Эндре ехидно улыбнулся:
- Я не спорить пришел, а просто хотел поделиться своими соображениями. Ты не раз говорил, что я циник. Что ж, может быть, ты и прав, но только я всегда говорил то, что думаю, и поступал так, как подсказывала мне моя совесть.
Варьяш с любопытством уставился на сына:
- Как прикажешь тебя понимать?
Эндре взял со стола спичку и расщепил ее надвое.

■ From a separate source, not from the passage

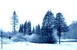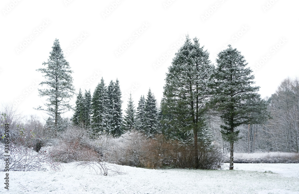 winter forest landscape. Frozen snowy trees. Winter season nature background. Christmas and new year concept.

- Папа, ты знаешь, что говорят о тебе на киностудии и в литературных кругах? Не имеешь ни малейшего представления? У меня такое чувство, что ты вообще не знаешь современной жизни. Берешь какие-то отдельные явления, обобщаешь их, а потом делаешь совершенно неверные выводы. - Эндре ждал, что скажет отец, но тот молчал. - В литературных кругах тебя не любят, - продолжал сын, - поэтому, если я тебя продам, передо мной откроются многие двери...
У Варьяша от удивления брови взлетели вверх.
- Продашь? Что это значит?
- Если я присоединюсь к твоим идейным противникам и начну рассказывать о тебе разные любопытные истории. Но я не сделаю этого. Я всегда защищаю тебя даже в том случае, если твои противники правы. Поэтому они и меня не любят. Когда я захожу в комнату, все сразу замолкают или же начинают болтать ерунду, но я-то знаю, в чем дело. Короче говоря, мне очень тяжело.
Эндре посмотрел в окно и увидел, как высоко в небе медленно плыли ослепительно белые облака, ярко освещенные солнцем. Ночной дождь смыл с кустов и деревьев слой бархатистой пыли, и теперь они, словно помолодевшие, плавно покачивали зеленой листвой от малейшего дуновения ветерка.
- Ну, рассказывай, почему тебе так тяжело?
- Потому что ты - мой отец. Я ведь постоянно слышу одно и то же: мол, мне потому так легко живется, что ты известный на всю страну писатель.
- Глупости все это! Я никогда ничего не просил для тебя, я даже не смог устроить тебя в университет.
- Но только потому, что я сам не захотел там учиться. Теперь-то я могу тебе признаться, что спокойно набрал бы необходимое количество баллов и меня, разумеется, приняли бы, учитывая, что я сын Гезы Варьяша. Жоку ведь именно поэтому приняли в университет...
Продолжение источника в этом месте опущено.